All OSD´s and Monitors are up from what I can see.
I read through the troubleshooting like mentioned in the ceph documentation for PGs and came to the conclusion that nothing there would help me, so I didn´t try anything - except restarting / rebooting OSD´s and Monitors.
How do I recover from this, it looks to me that the data itself should be safe for now, but why is it not restoring?

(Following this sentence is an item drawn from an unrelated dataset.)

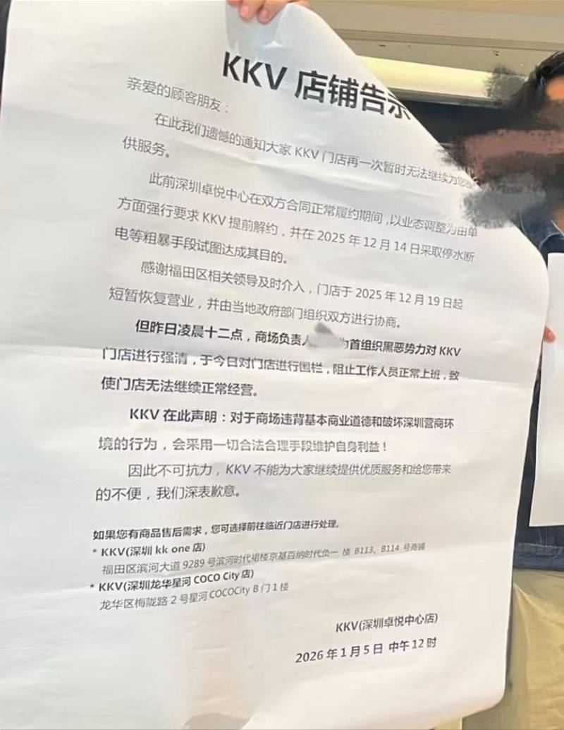 2025年12月14日,KKV深圳卓悦中心店贴出闭店公告称,深圳卓悦中心于疫情招商困难之际邀请KKV入驻,但近期采取停水断电等粗暴手段强制该店提前解约,该店控诉卓悦中心“违背基本商业道德”“破坏营商环境”。

I guess the problem may be the crushmap.
Here are some outputs:
#ceph health detail
HEALTH_WARN 475 pgs degraded; 640 pgs stale; 475 pgs stuck degraded; 640 pgs stuck stale; 640 pgs stuck unclean; 475 pgs stuck undersized; 475 pgs undersized; recovery 104812/279550 objects degraded (37.493%); recovery 69926/279550 objects misplaced (25.014%)
pg 3.ec is stuck unclean for 3326815.935321, current state stale+active+remapped, last acting [7,6]
pg 3.ed is stuck unclean for 3288818.682456, current state stale+active+remapped, last acting [6,7]
pg 3.ee is stuck unclean for 409973.052061, current state stale+active+undersized+degraded, last acting [7]
pg 3.ef is stuck unclean for 3357894.554762, current state stale+active+undersized+degraded, last acting [7]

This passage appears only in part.